Research suggested that appearances mattered.
Nixon showed up wearing little makeup and a light grey suit, which blended into the background. He was constantly wiping sweat off his face and according to the audience looked exhausted and pale. Not only was Nixon’s physical appearance an issue, but Nixon kept looking at a clock, which television viewers could not see making him appear shifty-eyed. Unknown to the general public at the time, Nixon’s extensive campaigning left him physically exhausted, disheveled and made him lose about 15 pounds. After the devastating effects from the first debate, Nixon slowed down his campaigning and regained his healthy appearance.
Frank Stanton, the president of CBS, observed: “Kennedy was bronzed beautifully … Nixon looked like death.”
The debate was also broadcast over radio networks.
According to one oft-cited survey, people who listened to the debate on the radio tended to call it a draw, while those who saw it on television pronounced Kennedy the clear winner.
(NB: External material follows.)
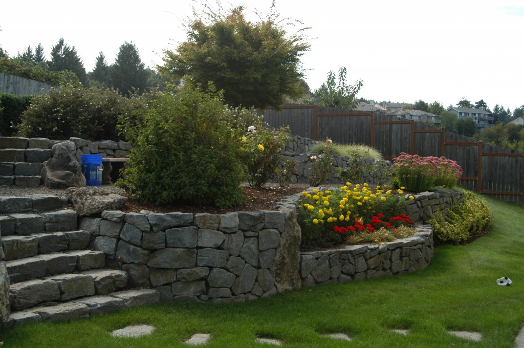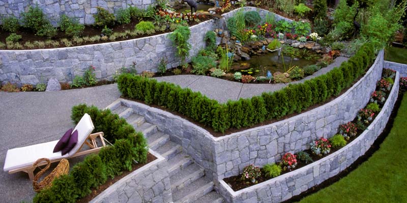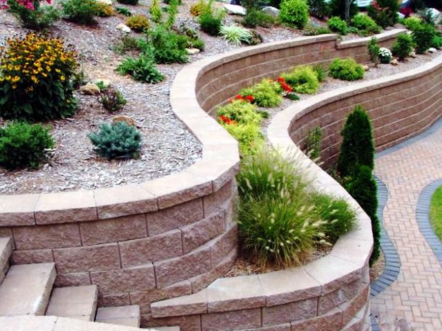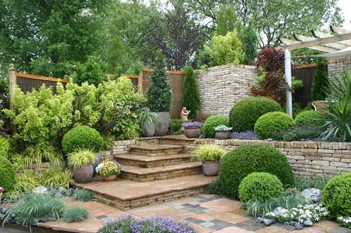 When planning and design, it is important to take into account all the features of the uneven area and try to disguise height differences as much as possible.

Subsequent analysis has questioned the validity of that survey. Howard K. Smith, the debate moderator, “initially gave the slight edge to Nixon, but changed his mind after watching a replay. ‘I could see that Kennedy swept it,’ he said in an interview for the Archive of American Television. ‘He just looked so enchanting.’”
Moreover, radio homes were more likely to be rural and “tended to be Protestant.” That religious orientation could have led to bias against Kennedy, who would become the first Catholic to be elected President.